Comment by Mordisquitos
Comment by Mordisquitos 4 days ago
Why would AGI choose to run the planet?
Comment by Mordisquitos 4 days ago
Why would AGI choose to run the planet?
Despite the false advertising in the Tears for Fears song, everybody does _not_ want to rule the world. Omohundro drives are a great philosophical thought experiment and it is certainly plausible to consider that they might apply to AI, but claiming as is common on LessWrong that unlimited power seeking is an inevitable consequence of a sufficiently intelligent system seems to be missing a few proof steps, and is opposed by the example of 99% of human beings.
> Instrumental convergence is the hypothetical tendency of most sufficiently intelligent, goal-directed beings (human and nonhuman) to pursue similar sub-goals (such as survival or resource acquisition), even if their ultimate goals are quite different.

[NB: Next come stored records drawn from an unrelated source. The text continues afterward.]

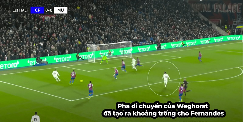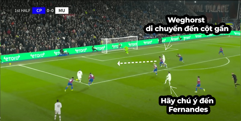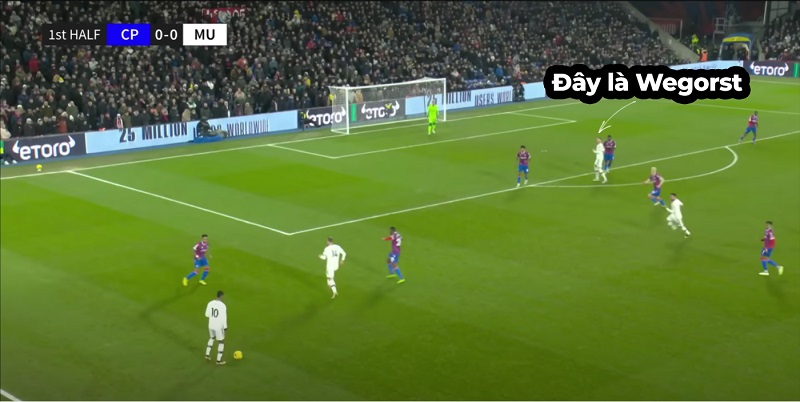 Một ví dụ tiêu biểu xuất hiện ngay trong trận ra mắt của số 27 trước Crystal Palace. Pha tấn công bắt đầu khi Marcus Rashford có bóng bên hành lang trái, còn Weghorst chiếm vị trí nơi trung tâm và được kèm cặp bởi hai hậu vệ đội bạn.
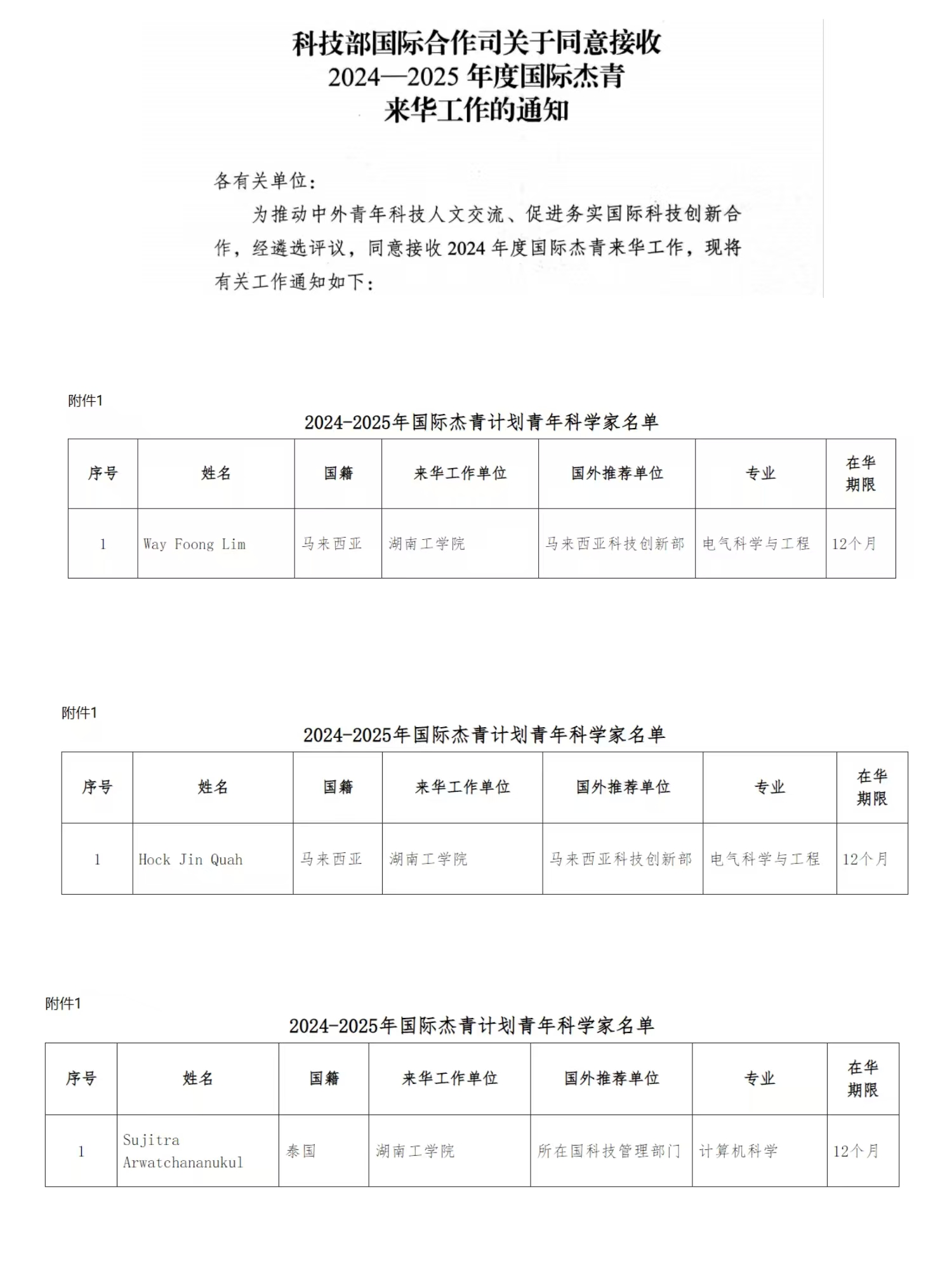 近日,科技部国际合作司公布了2024年度国际杰青计划项目评审结果。Beat365取得了在该类项目上的重大突破,共有三名专业外教成功入选,他们分别是来自马来西亚的博士Way Foong Lim、Hock Jin Quah和来自泰国的博士Sujitra Arwatchananukual。本次国际杰青项目获批填补了Beat365该项目的空白。
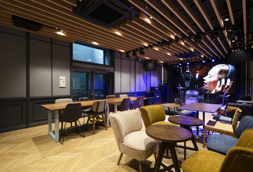 地下には、完全防音の「サウンドプルーフミュージックラウンジ」がオープン。ツナガルデザインのカンファレンスルームとしての利用のほか、サウンドプルーフ入居者の方々にご出演頂く「サウンドプルーフバンドライブ」などの音楽交流イベントの開催を予定しております。
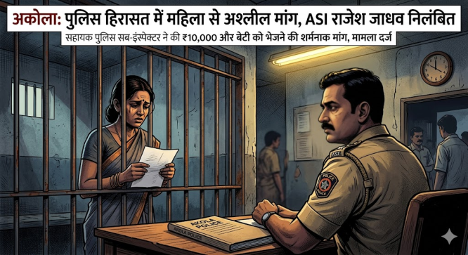 अकोला पुलिस ने वित्तीय धोखाधड़ी के मामले में एक महिला को गिरफ्तार किया है। अदालत द्वारा हिरासत में भेजे जाने के बाद आरोपी महिला को सिविल लाइंस पुलिस स्टेशन में रखा गया है। इसी बीच, बीती रात पुलिस स्टेशन में तैनात एएसआई राजेश जाधव ने महिला से शारीरिक संबंध बनाने की मांग की। उसने महिला को पैसों का लालच देकर फंसाया और उससे चौंकाने वाली मांग की कि वह उसे (बेटी को) शारीरिक संबंध बनाने के लिए भेजे।
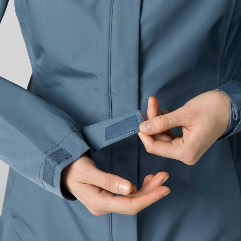 Durch die Sturmkapuze mit Volumen-Regulierung vorne und hinten bist du auch bei windigem Regenwetter optimal geschützt. Ein Schnürzug im Saum sowie die mit Klettverschluss regulierbaren Ärmelabschlüsse sorgen für guten Sitz und idealen Schutz bei Sturm und Nässe. Und auch durch den mit Windschutzleiste verdeckten Front-RV sind Wind und Regen chancenlos.
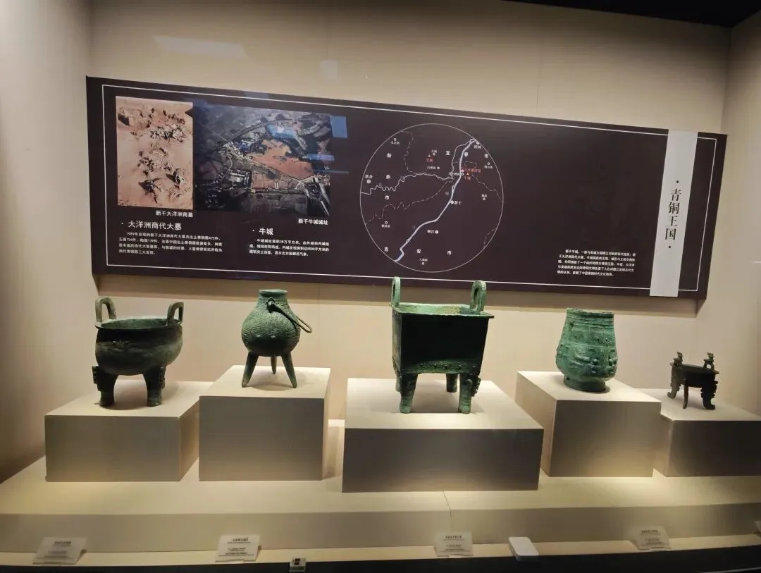 走进“虎踞江南——新干大墓与青铜王国”展厅,真令人大开眼界。1989年新干大洋洲商代大墓共出土青铜器475件,为中国青铜器数量最多,种类最丰富的商代大型墓葬,与殷墟妇好墓、三星堆祭祀坑并称为商代青铜器三大发现。
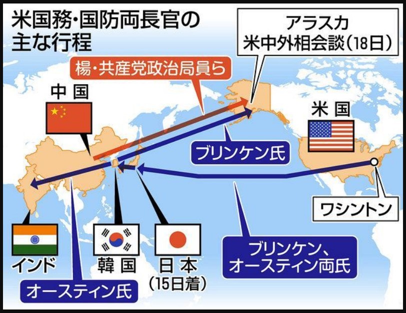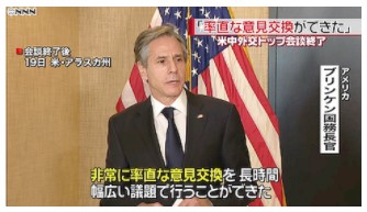 『異例の非難合戦で幕を開けた米国と中国の外交トップによる2日間の協議が19日、終了した。人権や経済で同盟国と組んで中国封じ込めを狙う米国と、軍事や内政で強権を誇示する中国。超大国の衝突は政治体制や国家理念にも立ち入る新たな次元に突入した。
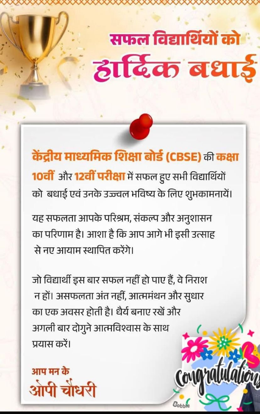 विद्यालय के समस्त डायरेक्टरों ने छात्रों के उज्ज्वल भविष्य की कामना करते हुए विद्यार्थियों को उनके परीक्षा परिणामो के लिए बधाई दी।
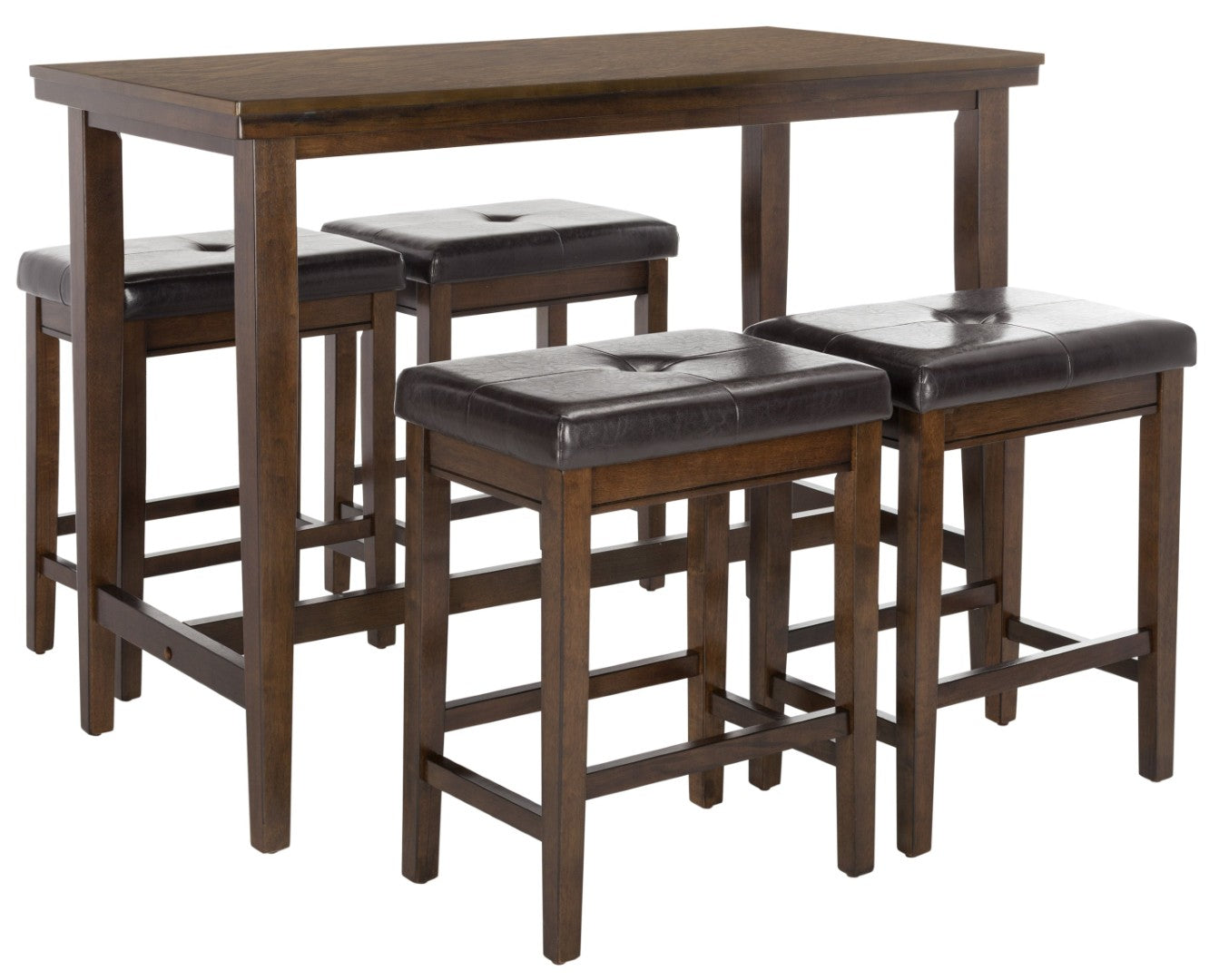 Bring A Touch Of English-Inspired Charm To Your Dining Or Entertaining Area With This Stylish 5-Piece Pub Set. Thoughtfully Crafted For Both Everyday Meals And Relaxed Social Gatherings, The Set Combines Durable Construction With Comfortable Upholstered Seating And A Classic Dark Brown Finish For Timeless Appeal.
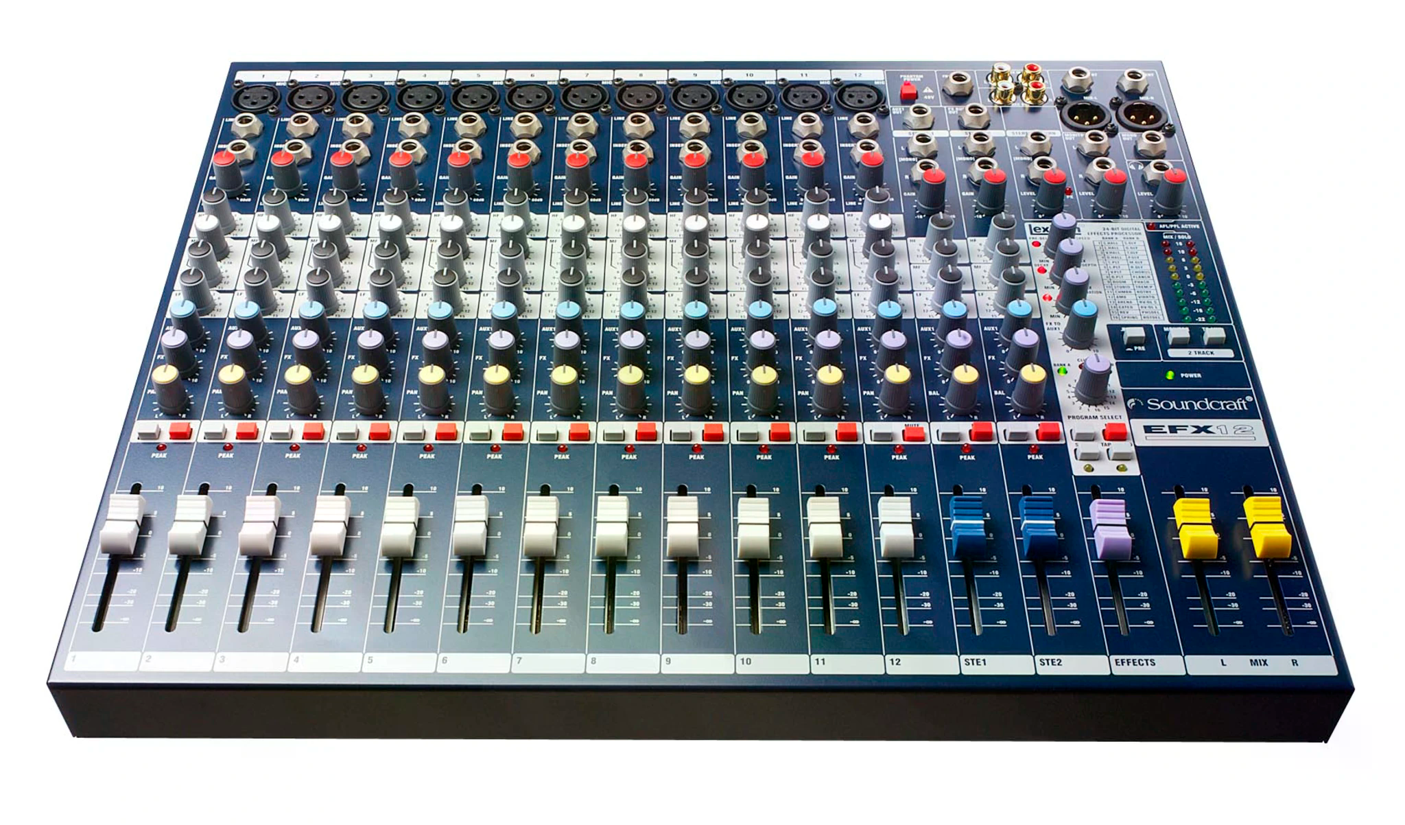 The Soundcraft EFX™ Series combines all the features of the popular Soundcraft EPM™ mixer with a built-in 24-bit, digital Lexicon® effects processor, expanding the Soundcraft low-cost, multipurpose compact range. Recommmended for: Sc checkHouses of WorshipSc checkMusic VenuesSc checkMusicians & BandsSc checkTheatres The Soundcraft EFX™ Series combines all the features of the popular Soundcraft EPM™ mixer with a built-in 24-bit, digital Lexicon® effects processor, expanding the Soundcraft low-cost, multipurpose compact range. The Soundcraft EFX mixer uses the same AudioDNA® processor featured in many of the Digitech® and Lexicon outboard equipment including the highly respected Lexicon MX400 processor. With over 35 years experience, the Lexicon name is synonymous with the best reverb and processing in the business, ensuring the finest quality effects not usually found in a console at this price level. The Effects section fits neatly into the mixers compact framework which is available in 8 or 12 mono input variants, both with 2 stereo channels and an effects send on each channel. There are 32 effects to choose from with a tap tempo function, 3 effects parameter controls and a user effects setting store facility. An effects channel level clip LED and Mute function gives the user even more flexibility. The emphasis with the Soundcraft EFX is very firmly on quality build and audio performance, with an easy to understand control surface in line with the Soundcraft professional range. The Soundcraft EFX uses the highly-transparent GB30 Mic amp (designed by Graham Blyth for the company’s 30th anniversary, and also used on the larger LX7ii and GB Series professional consoles).The Soundcraft EFX also offers all the features of the Soundcraft EPM most notably a configurable aux send, XLR and ¼" metal jack connector sockets, RCA phono stereo playback inputs and record outputs, 3-band EQ with a swept mid on the mono inputs, 3-band EQ on the 2 stereo inputs, TRS insert sockets, inserts on all mono inputs, ten-segment LED output metering and a headphone output. Features 8+2 and 12+2 channel frame sizes Built-in 24 bit Lexicon digital effects processor 32 FX settings Tap Tempo and FX setting store function 1 FX send on each channel 1 configurable auxiliary bus XLR-type and ¼” metal jack connector sockets RCA phono stereo playback inputs and record outputs 3-band EQ with a swept mid on mono inputs 3-band EQ on stereo inputs TRS insert sockets and inserts on all mono inputs Ten-segment LED output metering Intuitive and comprehensive solo system Headphone output Easily rack mountable Custom Karaoke preset The Soundcraft EFX will find itself in many applications including live music, recording, houses of worship and multi-speaker installations.
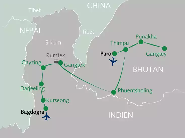 Sikkim - bekannt für Darjeeling-Tee, bengalische Tiger und Himalayagipfel - bezaubert mit bhuddistischen Klöstern, seiner gastfreundlichen Bevölkerung und dem drittgrößten Berg der Welt. Das Königreich Bhutan fasziniert in seiner Abgeschiedenheit zwischen Tibet und Indien mit Landschaftsbildern zwischen subtropischen Regenwäldern und schneebedeckten Himalaja-Gipfeln. Auf dieser Reise erleben wir die kulturellen Höhepunkte Sikkims, kaum berührte Natur sowie die wenig bekannten Traditionen des Drachenreiches Bhutan hautnah. Eine einzigartige und unvergessliche Erfahrung!
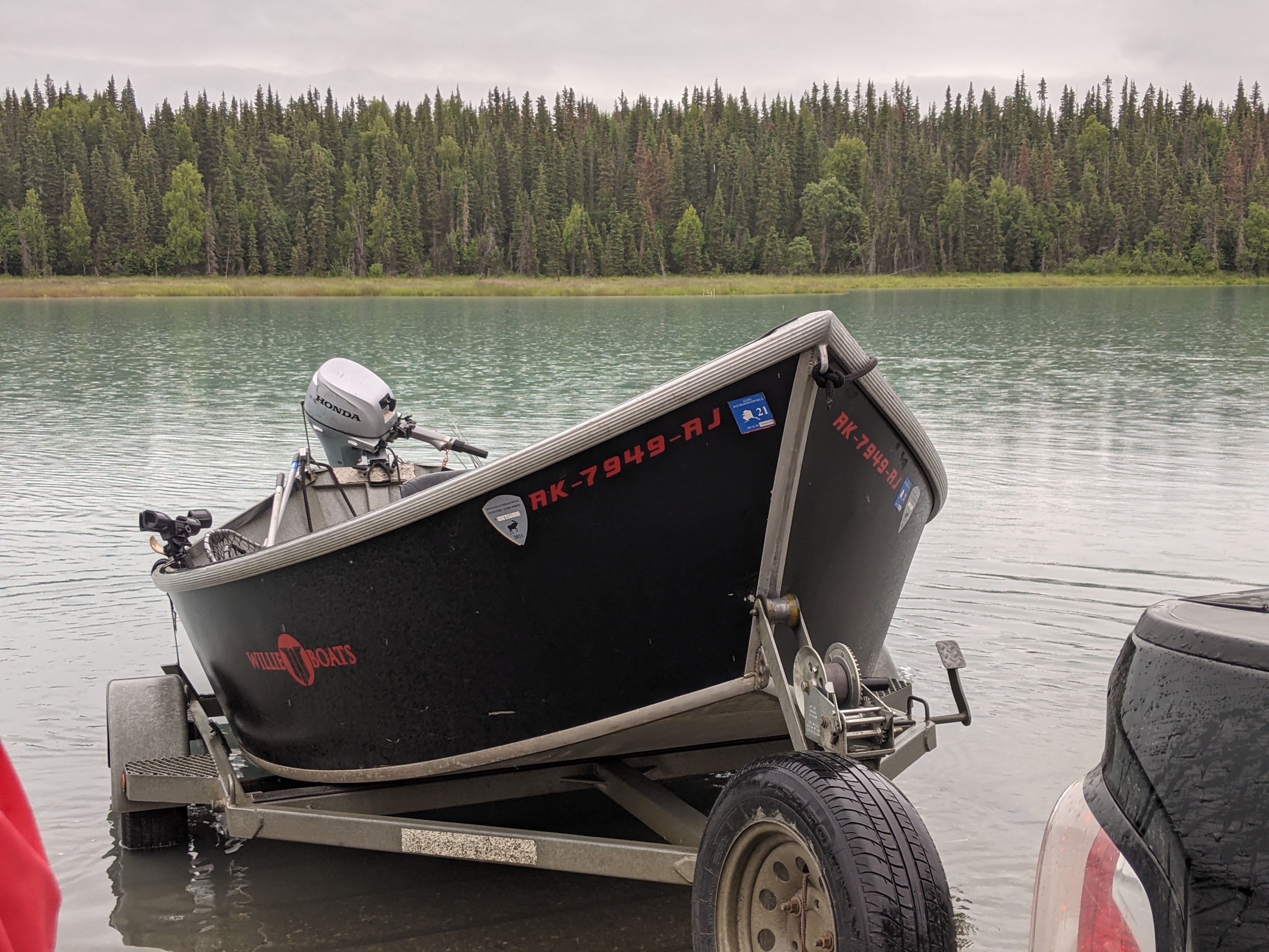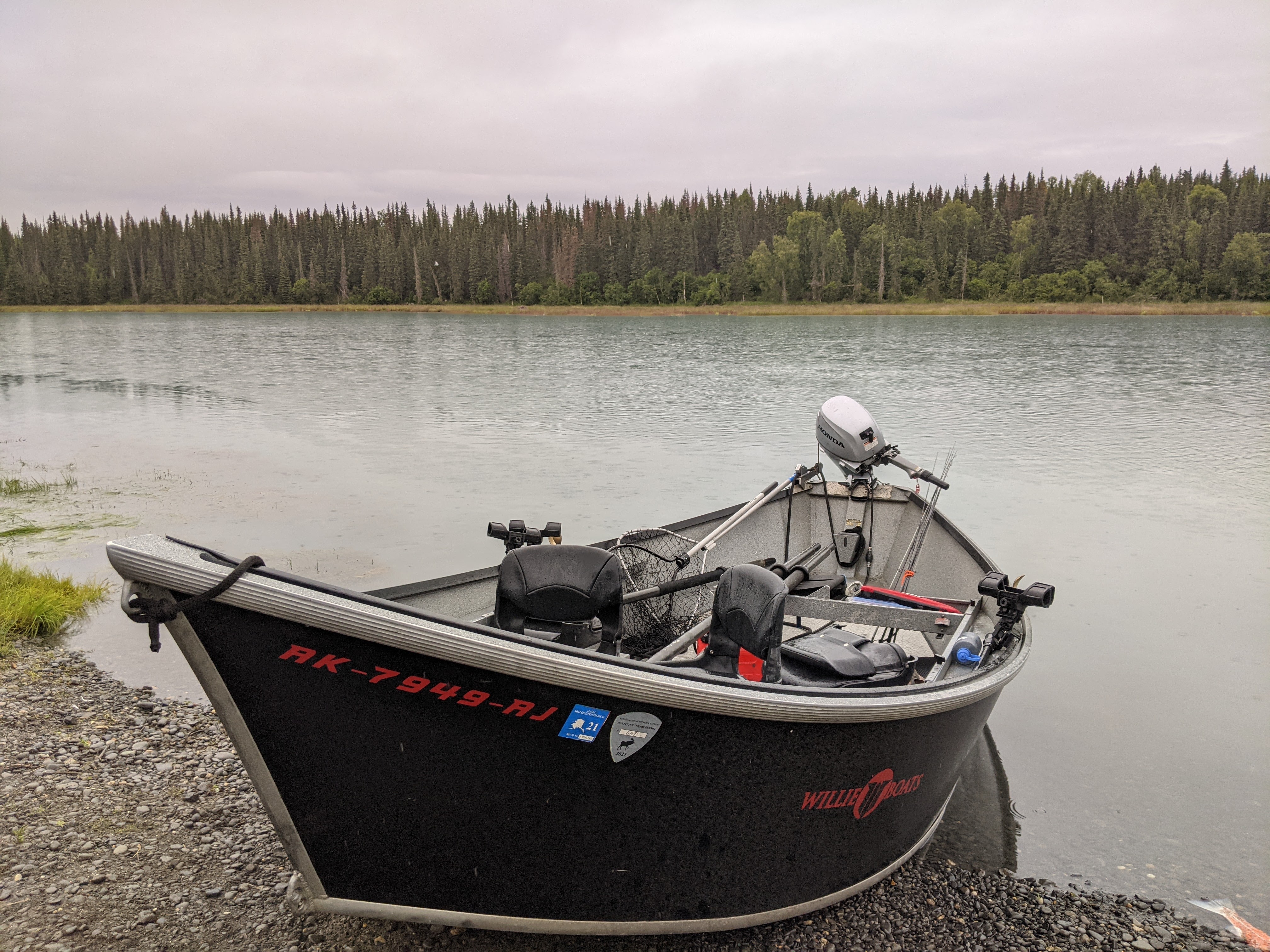 Our fishing guide was a strong man. He came and picked us up in a black truck and a trailer carrying the fishing boat. It was a cool day, with intermittent showers. We were in our T-shirts when we hiked up the glaciers of Harding Icefield, so we felt that a few layers of clothing should be more than enough for the fishing outings. The guide pretty much asked us to put on everything we had. As such, I had my sport pants then ski pants on top before adding the fishing pants that the guide provided . The fishing pants came with a boot, a bit like a wetsuit, and on top of that, we put on the water-resistant hiking boots. Then two layers of Uniqlo down jackets before adding the rain gear. I thought that would have been enough even to watch Aurora! It was until we were on the fishing boat, drifting through the fast-moving Kasilof river with the rain on our face, to fully appreciate the protection of layers and layers of clothing.

More precisely, beings with agency may pursue similar instrumental goals—goals which are made in pursuit of some particular end, but are not the end goals themselves—because it helps accomplish end goals.
'Running the planet' does not derive from instrumental convergence as defined here. Very few humans would wish to 'run the planet' as an instrumental goal in the pursuit of their own ultimate goals. Why would it be different for AGIs?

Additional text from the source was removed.